How to complete this task: Reproduce the records below exactly as they appear, omitting any pictures they contain.

** Opening Entries shown block **

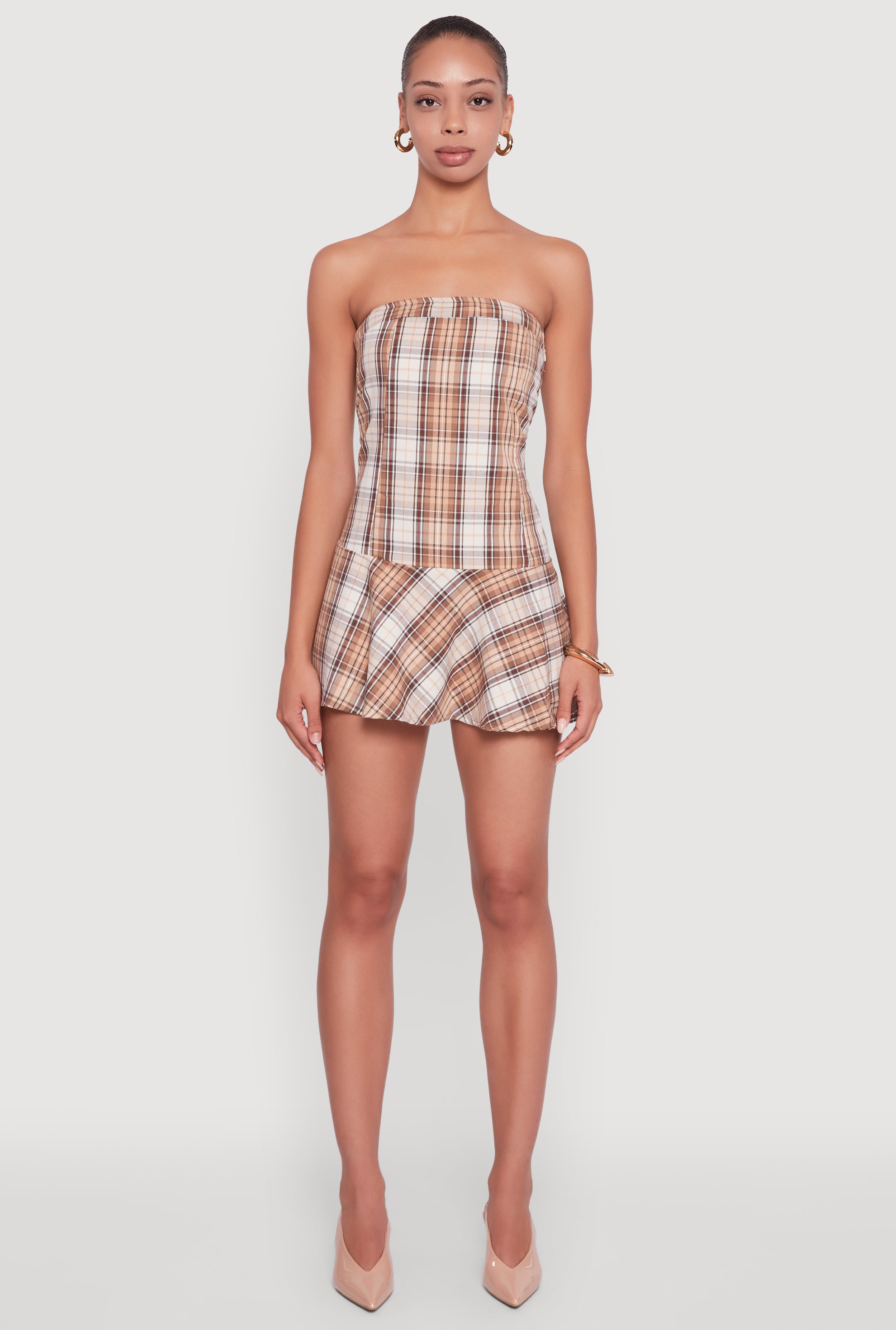 Plaid Strapless Skater Dress
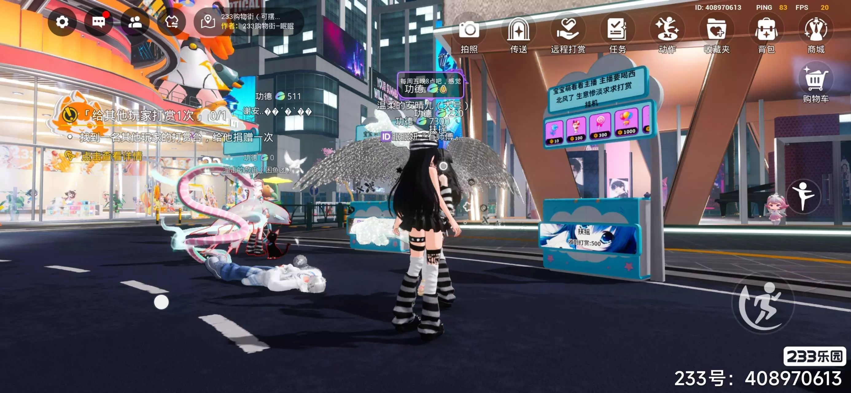 可以自己打造属于自己的打赏台,还有很多的商铺可以参观;在游戏里做任务,获得经验值,还可以总换商城里面的衣服,拍照也很出片。
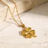 Collar con colgante de trébol de cuatro hojas de acero inoxidable y oro de 18 quilates, estilo nicho de verano, sencillo y de acero de titanio.
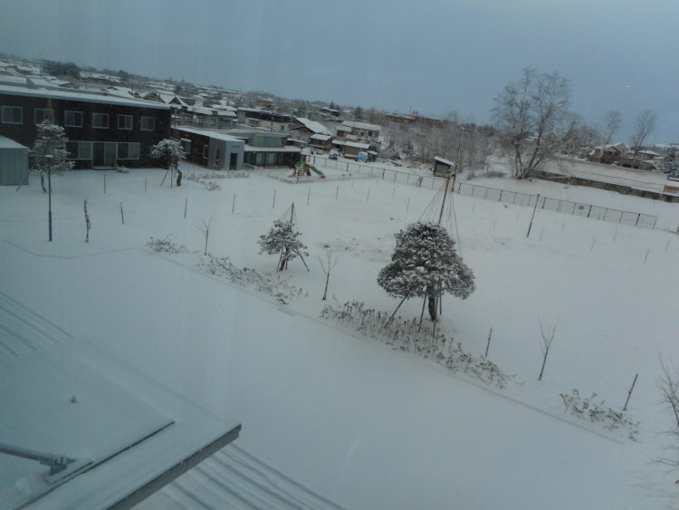 園庭の大型遊具も、また綿帽子をかぶってしまいました!
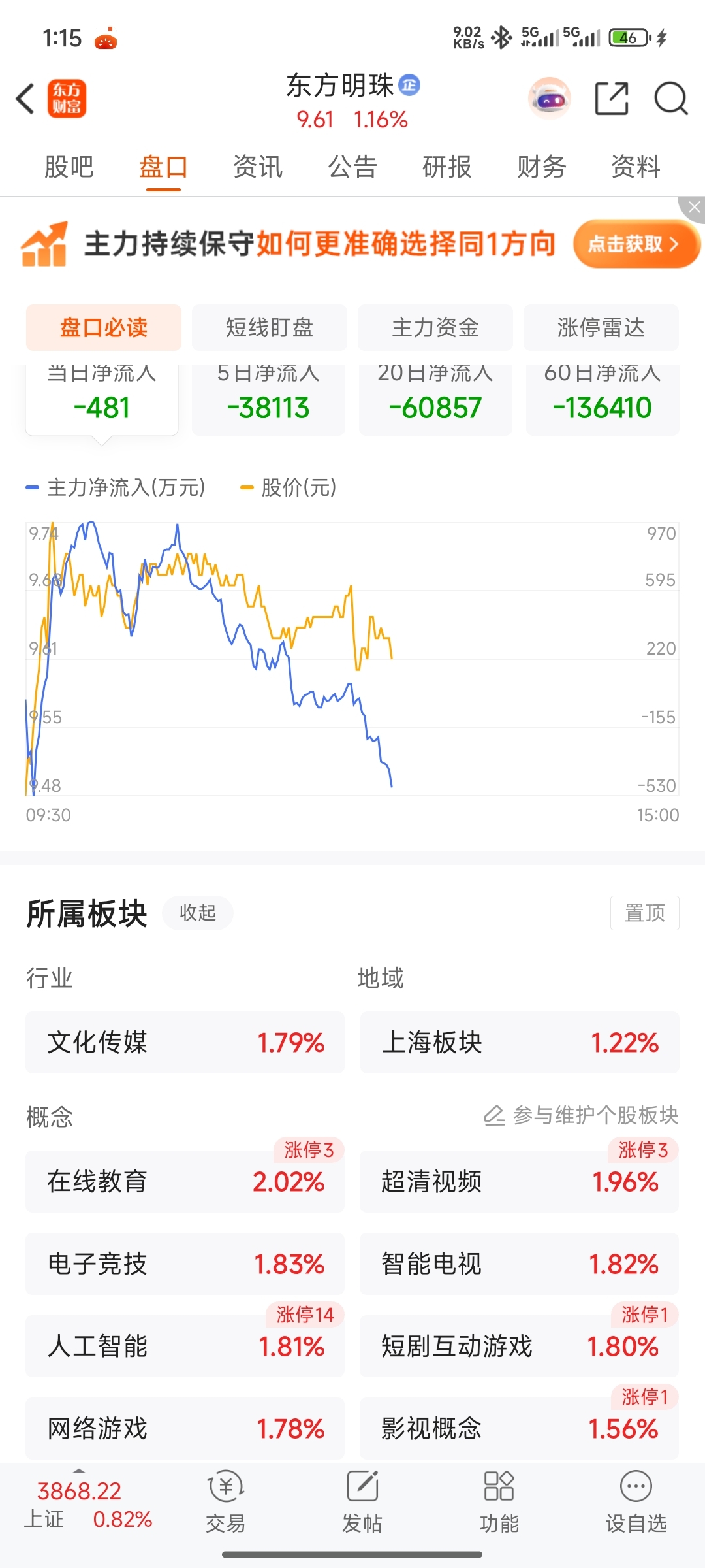 $东方明珠(SH600637)$ 怎么每天不是在砸,就是在砸的路上,每天净流出,今天大盘都是净流入的,就连任何一个板块都没跑得过
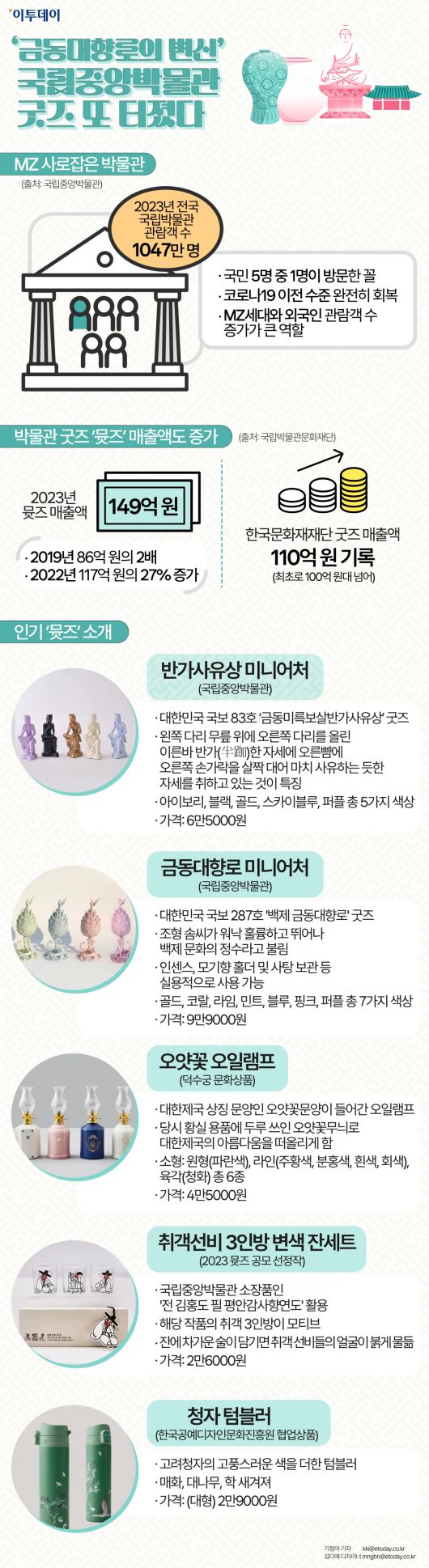 일명 ‘뮷즈’로 불리는 이 상품들 덕에 박물관 굿즈 매출액은 지난해 149억 원을 기록했는데요. 코로나 팬데믹 이전과 비교하면 2배가 늘어난 수치입니다.

** Closing Entries shown block **

Output for this exercise:
 Plaid Strapless Skater Dress
 可以自己打造属于自己的打赏台,还有很多的商铺可以参观;在游戏里做任务,获得经验值,还可以总换商城里面的衣服,拍照也很出片。
 Collar con colgante de trébol de cuatro hojas de acero inoxidable y oro de 18 quilates, estilo nicho de verano, sencillo y de acero de titanio.
 園庭の大型遊具も、また綿帽子をかぶってしまいました!
 $东方明珠(SH600637)$ 怎么每天不是在砸,就是在砸的路上,每天净流出,今天大盘都是净流入的,就连任何一个板块都没跑得过
 일명 ‘뮷즈’로 불리는 이 상품들 덕에 박물관 굿즈 매출액은 지난해 149억 원을 기록했는데요. 코로나 팬데믹 이전과 비교하면 2배가 늘어난 수치입니다.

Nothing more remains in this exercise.